** Opening Provided data block **
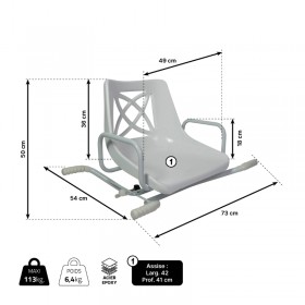 Pas besoin outil, le siège se pose simplement sur les rebords de votre baignoire et se sécurise avec deux stabilisateurs latéraux antidérapants. Son siège englobant est muni de trous facilitant l'écoulement de l'eau.
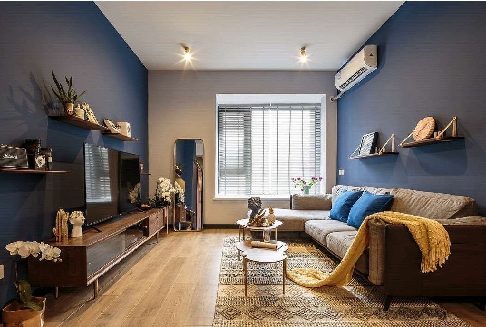 藍色的墻面乳膠漆配上金色的燈具顯得復古有質感
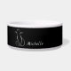 Gato blanco minimalista en un tazón mascota de gato de fondo blanco. Personalice este elegante Cat Pet Bowl con su nombre.
** Closing Provided data block **
### What the exercise asks
Return the listing above word for word. Keep the images out.

### Task answer
 Pas besoin outil, le siège se pose simplement sur les rebords de votre baignoire et se sécurise avec deux stabilisateurs latéraux antidérapants. Son siège englobant est muni de trous facilitant l'écoulement de l'eau.
 藍色的墻面乳膠漆配上金色的燈具顯得復古有質感
 Gato blanco minimalista en un tazón mascota de gato de fondo blanco. Personalice este elegante Cat Pet Bowl con su nombre.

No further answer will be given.